第三方面,本申请实施例提供了一种目标检测模型建立装置,包括:网络修改模块,用于获取基础目标检测网络,将所述基础目标检测网络的普通卷积层替换为深度可分离卷积层,并将多尺度特征融合机制加入至所述基础目标检测网络,得到初始目标检测模型;数字图像获取模块,用于获取预设数字图像,并将所述预设数字图像输入至所述初始目标检测模型;特征提取模块,用于通过所述初始目标检测模型的所述深度可分离卷积层对所述预设数字图像进行特征提取,输出特征图;目标检测模块,用于通过所述初始目标检测模型的所述多尺度特征融合机制对所述特征图进行目标检测,得到中间目标检测模型;模型优化模块,用于采用NetAdapt算法和剪枝算法对所述中间目标检测模型进行优化处理,得到最终目标检测模型。
第四方面,本申请实施例提供了一种目标检测装置,包括:数字图像获取模块,用于获取实际数字图像,并将所述实际数字图像输入至目标检测模型;特征提取模块,用于通过所述目标检测模型的深度可分离卷积层对所述实际数字图像进行特征提取,输出特征图;目标检测模块,用于通过所述目标检测模型的多尺度特征融合机制对所述特征图进行目标检测。
第五方面,本申请实施例提供了一种目标检测设备,包括:存储器、处理器及存储在存储器上并可在处理器上运行的计算机程序,所述处理器执行所述计算机程序时实现一种目标检测模型的建立方法和/或一种目标检测模型的应用方法:其中,所述目标检测模型的建立方法包括:获取基础目标检测网络,将所述基础目标检测网络的普通卷积层替换为深度可分离卷积层,并将多尺度特征融合机制加入至所述基础目标检测网络,得到初始目标检测模型;获取预设数字图像,并将所述预设数字图像输入至所述初始目标检测模型;通过所述初始目标检测模型的所述深度可分离卷积层对所述预设数字图像进行特征提取,输出特征图;通过所述初始目标检测模型的所述多尺度特征融合机制对所述特征图进行目标检测,得到中间目标检测模型;采用NetAdapt算法和剪枝算法对所述中间目标检测模型进行优化处理,得到最终目标检测模型;其中,所述目标检测模型的应用方法包括:获取实际数字图像,并将所述实际数字图像输入至目标检测模型;通过所述目标检测模型的深度可分离卷积层对所述实际数字图像进行特征提取,输出特征图;通过所述目标检测模型的多尺度特征融合机制对所述特征图进行目标检测。

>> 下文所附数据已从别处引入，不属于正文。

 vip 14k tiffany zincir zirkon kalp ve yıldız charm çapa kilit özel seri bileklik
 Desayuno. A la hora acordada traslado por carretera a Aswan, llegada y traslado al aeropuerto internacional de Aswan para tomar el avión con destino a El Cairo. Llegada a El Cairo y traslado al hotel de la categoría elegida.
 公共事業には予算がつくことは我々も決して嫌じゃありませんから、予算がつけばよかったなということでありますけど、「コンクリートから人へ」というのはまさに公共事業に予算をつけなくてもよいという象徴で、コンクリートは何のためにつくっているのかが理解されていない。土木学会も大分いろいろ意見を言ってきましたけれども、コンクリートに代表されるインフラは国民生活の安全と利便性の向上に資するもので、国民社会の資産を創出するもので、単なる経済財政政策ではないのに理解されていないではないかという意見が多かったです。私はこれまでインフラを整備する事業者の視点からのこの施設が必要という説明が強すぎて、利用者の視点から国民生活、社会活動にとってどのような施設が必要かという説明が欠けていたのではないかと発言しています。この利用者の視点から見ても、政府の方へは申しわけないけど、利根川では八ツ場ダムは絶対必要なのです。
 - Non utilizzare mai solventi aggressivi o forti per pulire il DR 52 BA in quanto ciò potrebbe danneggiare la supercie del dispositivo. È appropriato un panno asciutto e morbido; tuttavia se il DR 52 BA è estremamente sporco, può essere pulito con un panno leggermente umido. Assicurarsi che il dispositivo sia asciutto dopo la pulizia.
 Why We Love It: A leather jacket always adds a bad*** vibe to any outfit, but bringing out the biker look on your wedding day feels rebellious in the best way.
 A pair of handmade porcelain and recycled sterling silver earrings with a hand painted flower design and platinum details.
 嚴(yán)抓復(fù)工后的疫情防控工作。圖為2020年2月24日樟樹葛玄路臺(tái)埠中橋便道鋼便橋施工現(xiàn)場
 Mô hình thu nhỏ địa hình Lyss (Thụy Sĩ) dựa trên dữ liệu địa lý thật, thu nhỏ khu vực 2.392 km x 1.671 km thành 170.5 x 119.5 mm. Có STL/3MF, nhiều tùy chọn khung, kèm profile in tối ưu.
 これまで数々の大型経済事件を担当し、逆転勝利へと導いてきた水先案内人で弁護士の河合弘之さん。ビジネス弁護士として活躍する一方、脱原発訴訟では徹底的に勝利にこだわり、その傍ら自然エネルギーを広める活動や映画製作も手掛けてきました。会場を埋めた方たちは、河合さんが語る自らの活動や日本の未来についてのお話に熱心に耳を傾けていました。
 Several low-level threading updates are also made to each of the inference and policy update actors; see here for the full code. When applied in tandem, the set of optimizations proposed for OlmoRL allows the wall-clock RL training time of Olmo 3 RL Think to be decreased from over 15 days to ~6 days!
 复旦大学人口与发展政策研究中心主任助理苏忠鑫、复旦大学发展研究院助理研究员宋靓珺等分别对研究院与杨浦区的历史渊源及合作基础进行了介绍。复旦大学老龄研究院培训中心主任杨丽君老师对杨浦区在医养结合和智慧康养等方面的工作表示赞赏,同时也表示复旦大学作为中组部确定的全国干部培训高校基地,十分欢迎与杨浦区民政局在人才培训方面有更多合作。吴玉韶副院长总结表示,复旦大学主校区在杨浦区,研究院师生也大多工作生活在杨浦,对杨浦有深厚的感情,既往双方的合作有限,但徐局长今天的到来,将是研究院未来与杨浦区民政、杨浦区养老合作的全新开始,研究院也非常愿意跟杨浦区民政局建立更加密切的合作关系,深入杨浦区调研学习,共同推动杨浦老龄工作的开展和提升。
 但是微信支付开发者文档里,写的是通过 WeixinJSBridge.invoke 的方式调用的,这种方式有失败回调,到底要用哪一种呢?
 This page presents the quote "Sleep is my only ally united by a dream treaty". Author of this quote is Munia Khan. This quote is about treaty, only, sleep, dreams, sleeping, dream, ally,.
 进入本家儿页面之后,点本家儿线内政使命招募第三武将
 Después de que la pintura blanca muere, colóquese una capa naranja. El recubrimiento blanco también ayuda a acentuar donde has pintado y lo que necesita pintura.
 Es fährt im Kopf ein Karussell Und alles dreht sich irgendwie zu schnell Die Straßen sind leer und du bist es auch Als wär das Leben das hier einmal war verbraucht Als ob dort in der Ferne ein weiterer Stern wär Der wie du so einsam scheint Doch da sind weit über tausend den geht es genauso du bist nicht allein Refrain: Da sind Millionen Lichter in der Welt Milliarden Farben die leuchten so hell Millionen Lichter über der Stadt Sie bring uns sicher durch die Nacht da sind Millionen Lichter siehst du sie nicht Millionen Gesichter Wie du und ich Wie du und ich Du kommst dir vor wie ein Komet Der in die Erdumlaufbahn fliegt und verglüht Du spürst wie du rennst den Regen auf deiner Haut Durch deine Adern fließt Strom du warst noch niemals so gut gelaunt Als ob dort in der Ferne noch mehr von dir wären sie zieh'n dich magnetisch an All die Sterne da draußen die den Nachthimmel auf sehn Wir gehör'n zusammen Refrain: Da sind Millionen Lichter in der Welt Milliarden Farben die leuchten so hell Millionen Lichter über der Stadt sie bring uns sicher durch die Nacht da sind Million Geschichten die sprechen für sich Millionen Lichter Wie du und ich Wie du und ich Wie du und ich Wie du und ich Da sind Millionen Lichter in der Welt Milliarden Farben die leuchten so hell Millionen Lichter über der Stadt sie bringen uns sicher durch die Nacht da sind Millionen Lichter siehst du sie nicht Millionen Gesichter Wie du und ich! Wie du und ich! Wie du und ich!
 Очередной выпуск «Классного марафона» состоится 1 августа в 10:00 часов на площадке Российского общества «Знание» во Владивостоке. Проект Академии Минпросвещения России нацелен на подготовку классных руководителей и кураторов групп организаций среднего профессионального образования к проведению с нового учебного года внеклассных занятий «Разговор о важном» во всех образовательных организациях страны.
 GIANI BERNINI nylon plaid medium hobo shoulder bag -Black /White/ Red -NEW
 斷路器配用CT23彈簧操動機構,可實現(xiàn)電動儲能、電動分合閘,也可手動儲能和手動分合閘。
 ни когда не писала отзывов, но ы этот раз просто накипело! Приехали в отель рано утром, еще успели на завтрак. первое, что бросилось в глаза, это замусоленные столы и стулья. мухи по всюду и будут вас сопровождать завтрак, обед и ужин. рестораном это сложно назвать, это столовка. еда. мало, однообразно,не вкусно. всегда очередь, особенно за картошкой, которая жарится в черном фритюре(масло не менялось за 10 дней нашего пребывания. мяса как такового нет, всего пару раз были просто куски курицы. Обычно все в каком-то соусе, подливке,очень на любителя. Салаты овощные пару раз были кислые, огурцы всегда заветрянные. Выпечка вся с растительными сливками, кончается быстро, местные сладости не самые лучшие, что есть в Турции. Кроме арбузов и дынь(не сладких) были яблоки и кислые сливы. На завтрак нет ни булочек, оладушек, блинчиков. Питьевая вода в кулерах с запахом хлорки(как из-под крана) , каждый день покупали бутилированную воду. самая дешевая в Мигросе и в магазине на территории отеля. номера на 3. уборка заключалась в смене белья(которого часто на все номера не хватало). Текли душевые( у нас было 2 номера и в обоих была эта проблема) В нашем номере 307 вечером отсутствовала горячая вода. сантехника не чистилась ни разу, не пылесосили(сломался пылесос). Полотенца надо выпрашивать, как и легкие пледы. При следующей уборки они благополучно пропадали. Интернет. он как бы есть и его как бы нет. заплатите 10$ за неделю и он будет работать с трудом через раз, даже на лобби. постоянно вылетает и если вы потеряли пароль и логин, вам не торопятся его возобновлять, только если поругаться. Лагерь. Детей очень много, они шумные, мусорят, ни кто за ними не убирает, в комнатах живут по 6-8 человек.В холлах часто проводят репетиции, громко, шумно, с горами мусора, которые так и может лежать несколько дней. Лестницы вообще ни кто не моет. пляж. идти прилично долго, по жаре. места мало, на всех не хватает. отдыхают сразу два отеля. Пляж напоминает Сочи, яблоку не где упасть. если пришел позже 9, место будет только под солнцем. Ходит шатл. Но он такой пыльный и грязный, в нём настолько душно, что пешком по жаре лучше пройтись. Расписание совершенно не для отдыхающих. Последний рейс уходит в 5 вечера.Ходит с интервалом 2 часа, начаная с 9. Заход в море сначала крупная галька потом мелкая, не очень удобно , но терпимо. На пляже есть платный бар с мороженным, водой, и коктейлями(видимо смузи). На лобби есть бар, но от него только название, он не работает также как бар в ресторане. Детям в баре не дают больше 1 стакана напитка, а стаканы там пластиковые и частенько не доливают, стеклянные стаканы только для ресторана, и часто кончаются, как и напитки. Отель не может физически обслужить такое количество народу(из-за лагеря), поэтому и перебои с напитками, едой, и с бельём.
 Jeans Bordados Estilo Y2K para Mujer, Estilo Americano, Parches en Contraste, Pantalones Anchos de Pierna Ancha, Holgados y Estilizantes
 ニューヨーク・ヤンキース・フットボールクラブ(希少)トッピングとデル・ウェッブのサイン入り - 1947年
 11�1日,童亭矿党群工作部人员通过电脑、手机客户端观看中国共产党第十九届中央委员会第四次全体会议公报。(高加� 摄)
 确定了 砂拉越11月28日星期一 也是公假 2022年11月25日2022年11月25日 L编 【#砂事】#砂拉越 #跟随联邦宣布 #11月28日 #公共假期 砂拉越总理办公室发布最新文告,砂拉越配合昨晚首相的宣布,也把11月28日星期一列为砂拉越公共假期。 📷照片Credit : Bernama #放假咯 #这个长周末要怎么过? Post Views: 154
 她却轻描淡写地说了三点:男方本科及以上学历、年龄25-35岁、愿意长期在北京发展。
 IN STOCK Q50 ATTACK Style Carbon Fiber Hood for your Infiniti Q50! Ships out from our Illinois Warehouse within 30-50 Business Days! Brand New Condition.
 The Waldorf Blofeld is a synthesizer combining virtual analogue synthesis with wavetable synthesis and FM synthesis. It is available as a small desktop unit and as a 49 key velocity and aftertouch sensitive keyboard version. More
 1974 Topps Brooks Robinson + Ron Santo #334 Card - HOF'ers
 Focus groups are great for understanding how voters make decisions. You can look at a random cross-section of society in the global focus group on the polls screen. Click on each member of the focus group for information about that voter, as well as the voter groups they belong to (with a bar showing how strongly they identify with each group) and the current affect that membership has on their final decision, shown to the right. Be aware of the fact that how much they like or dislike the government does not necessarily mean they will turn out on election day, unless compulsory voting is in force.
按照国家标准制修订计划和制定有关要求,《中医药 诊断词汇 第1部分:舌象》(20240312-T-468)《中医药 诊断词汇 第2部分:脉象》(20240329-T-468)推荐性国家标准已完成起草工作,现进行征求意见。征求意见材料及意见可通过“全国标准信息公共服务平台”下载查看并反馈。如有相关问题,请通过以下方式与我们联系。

第六方面,本申请实施例提供了一种计算机可读存储介质,存储有计算机可执行指令,所述计算机可执行指令用于执行一种目标检测模型的建立方法和/或一种目标检测模型的应用方法:其中,所述目标检测模型的建立方法包括:获取基础目标检测网络,将所述基础目标检测网络的普通卷积层替换为深度可分离卷积层,并将多尺度特征融合机制加入至所述基础目标检测网络,得到初始目标检测模型;获取预设数字图像,并将所述预设数字图像输入至所述初始目标检测模型;通过所述初始目标检测模型的所述深度可分离卷积层对所述预设数字图像进行特征提取,输出特征图;通过所述初始目标检测模型的所述多尺度特征融合机制对所述特征图进行目标检测,得到中间目标检测模型;采用NetAdapt算法和剪枝算法对所 述中间目标检测模型进行优化处理,得到最终目标检测模型;其中,所述目标检测模型的应用方法包括:获取实际数字图像,并将所述实际数字图像输入至目标检测模型;通过所述目标检测模型的深度可分离卷积层对所述实际数字图像进行特征提取,输出特征图;通过所述目标检测模型的多尺度特征融合机制对所述特征图进行目标检测。
有益效果
本申请实施例提出的目标检测模型的建立方法、应用方法、设备、装置及介质,通过获取基础目标检测网络,将基础目标检测网络的普通卷积层替换为深度可分离卷积层,并将多尺度特征融合机制加入至基础目标检测网络,得到初始目标检测模型;获取预设数字图像,并将预设数字图像输入至初始目标检测模型;通过初始目标检测模型的深度可分离卷积层对预设数字图像进行特征提取,输出特征图;通过初始目标检测模型的多尺度特征融合机制对特征图进行目标检测,得到中间目标检测模型;采用NetAdapt算法和剪枝算法对中间目标检测模型进行优化处理,得到最终目标检测模型。本申请将基础目标检测网络中的普通卷积层更换为深度可分离卷积层,同时加入多尺度特征融合机制,得到初始目标检测模型,初始目标检测模型利用深度可分离卷积提取特征,相较利用普通卷积提取特征,深度可分离卷积的参数个数更少,从而降低嵌入式设备中处理器的数据处理负担,同理,在参数个数相同的情况下,采用深度可分离卷积的神经网络层数可以做的更深。加入多尺度特征融合机制能够使得目标检测模型在进行目标检测时候同时学习到深层特征与浅层特征,对特征的表达效果会更好,加强目标的检测精度。获取预设数字图像并将预设数字图像输入至初始目标检测模型对初始目标检测模型进行模型训练,得到中间目标检测模型。采用NetAdapt算法和剪枝算法对中间目标检测模型进行优化处理,得到最终目标检测模型,NetAdapt算法和剪枝算法使得中间目标检测模型小型化得到最终目标检测模型,达到加速推理的目的,最终目标检测模型在不同嵌入式设备上都可以运行,同样整体检测速度会更快,提升在嵌入式设备上进行目标检测的效果。
附图说明
附图用来提供对本申请技术方案的进一步理解,并且构成说明书的一部分,与本申请的实施例一起用于解释本申请的技术方案,并不构成对本申请技术方案的限制。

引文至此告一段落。